[Recorded data]
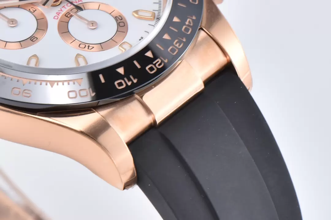 ROLEX DAYTONA REPLICA WATCHES WHITE DIAL INDEX HOURS ROSE GOLD PLATE CLEAN FACTORY 40MM
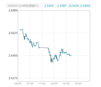深交所“特国2401”(102267.SZ)跌15.91%报100.654元,成交额2195.62万元;上交所“24特国01”(019742.SH)跌0.73%报100.578元,成交额7.22亿元。该债券在银行间市场依旧小幅波动,截止发稿,银行间市场“24特别国债01”(2400001.IB)收益率下行2.35bp报2.545%,成交量为430笔。
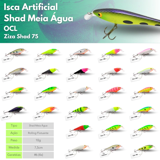 A Isca Artificial Shad Meia Água OCL Ziza Shad 75 By Fabio Baca é uma das preferidas pelos pescadores, sendo conhecida por sua incrível performance. Seu corpo em formato de peixe pequeno, como um lambari, possui uma espessura fina que facilita as fisgadas. Além disso, sua barbela em formato "L" proporciona uma ação irresistível para predadores, especialmente quando combinada com o equilíbrio único das iscas da OCL.
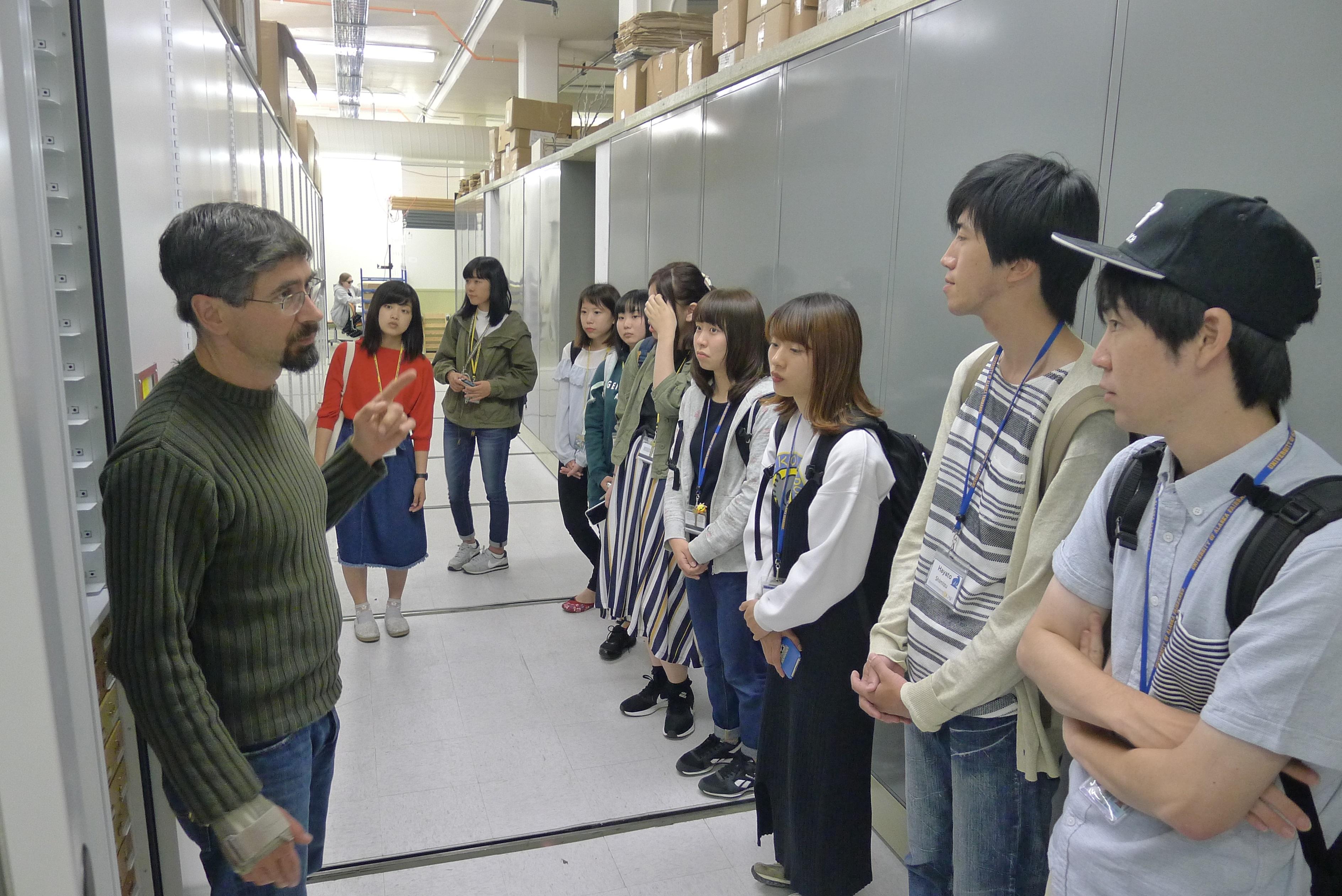博物館のSikes先生の案内で、一般の人が立ち入ることができないバックヤードを見学させていただきました。標本を作る過程や保存場所などを見て回り、展示室以外の広大な博物館の施設やそこで研究する先生方の様子を見ることができました。(M)
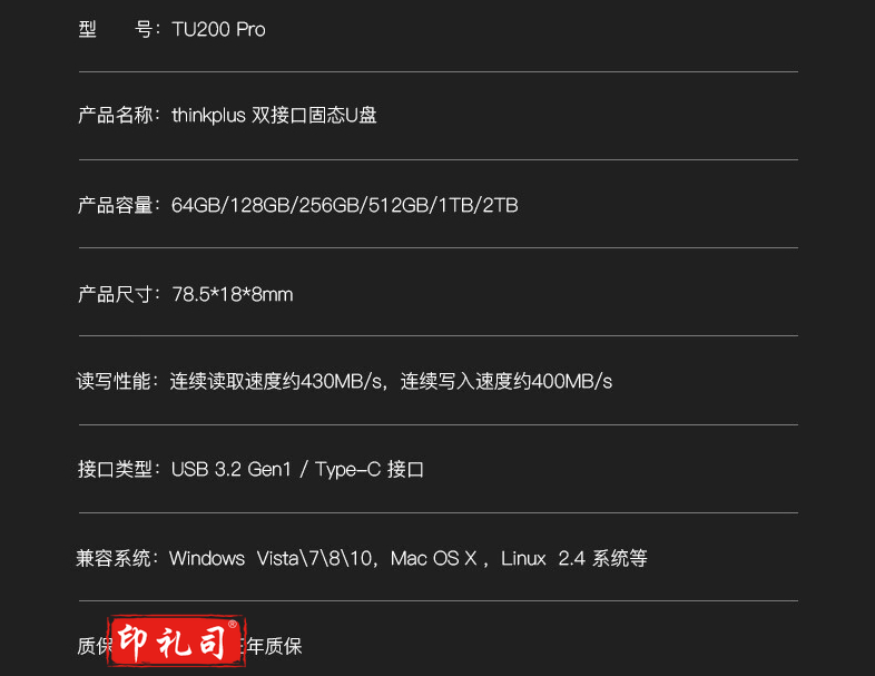 联想thinkplus双接口固态u盘 高达430MB/S usb/type-c手机高速大容量办公优盘 双接口固态U盘【1TB】
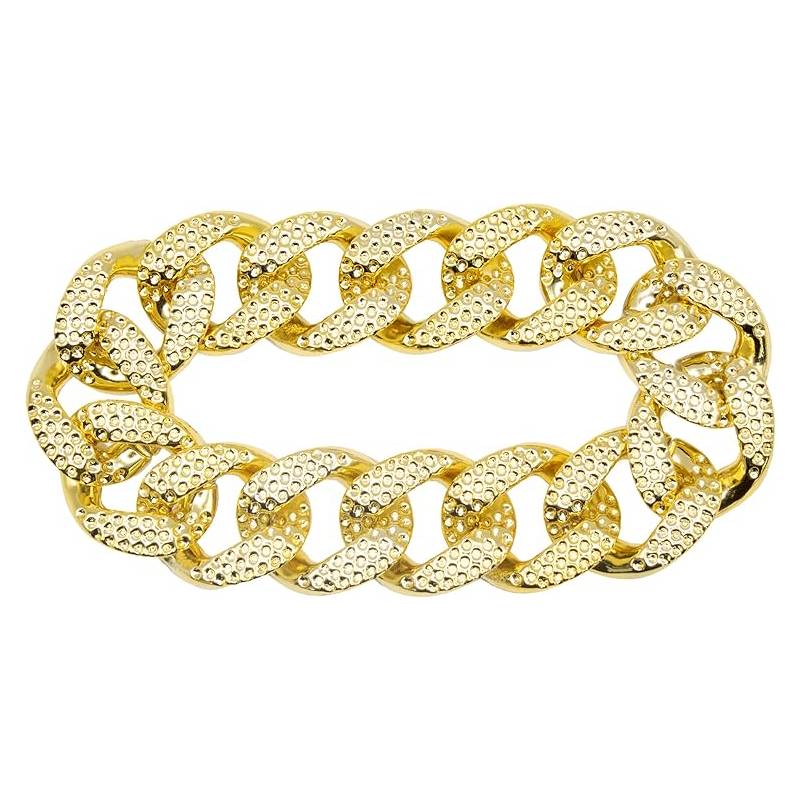 Embossed Plastic Chain Bracelet is great for 70’s themed events, 90’s hip hop parties, Mardi Gras themed events, pimp and hoe costumes, and more. You can use this as an accessory for a Halloween costume. Use this in arts and crafts projects. Buy this for gift baskets, door prizes, party favors, and more. Place them around the refreshments table as part of your décor. This bracelet is surprisingly versatile! Wear this to multiple events year round. You can wear this to office parties, house parties, themed events, and more.

• **WHAT TO WORK ON**: Please write every line above out exactly as given, except for any pictures.

• **TASK ANSWER**:
 ROLEX DAYTONA REPLICA WATCHES WHITE DIAL INDEX HOURS ROSE GOLD PLATE CLEAN FACTORY 40MM
深交所“特国2401”(102267.SZ)跌15.91%报100.654元,成交额2195.62万元;上交所“24特国01”(019742.SH)跌0.73%报100.578元,成交额7.22亿元。该债券在银行间市场依旧小幅波动,截止发稿,银行间市场“24特别国债01”(2400001.IB)收益率下行2.35bp报2.545%,成交量为430笔。
 A Isca Artificial Shad Meia Água OCL Ziza Shad 75 By Fabio Baca é uma das preferidas pelos pescadores, sendo conhecida por sua incrível performance. Seu corpo em formato de peixe pequeno, como um lambari, possui uma espessura fina que facilita as fisgadas. Além disso, sua barbela em formato "L" proporciona uma ação irresistível para predadores, especialmente quando combinada com o equilíbrio único das iscas da OCL.
博物館のSikes先生の案内で、一般の人が立ち入ることができないバックヤードを見学させていただきました。標本を作る過程や保存場所などを見て回り、展示室以外の広大な博物館の施設やそこで研究する先生方の様子を見ることができました。(M)
 联想thinkplus双接口固态u盘 高达430MB/S usb/type-c手机高速大容量办公优盘 双接口固态U盘【1TB】
 Embossed Plastic Chain Bracelet is great for 70’s themed events, 90’s hip hop parties, Mardi Gras themed events, pimp and hoe costumes, and more. You can use this as an accessory for a Halloween costume. Use this in arts and crafts projects. Buy this for gift baskets, door prizes, party favors, and more. Place them around the refreshments table as part of your décor. This bracelet is surprisingly versatile! Wear this to multiple events year round. You can wear this to office parties, house parties, themed events, and more.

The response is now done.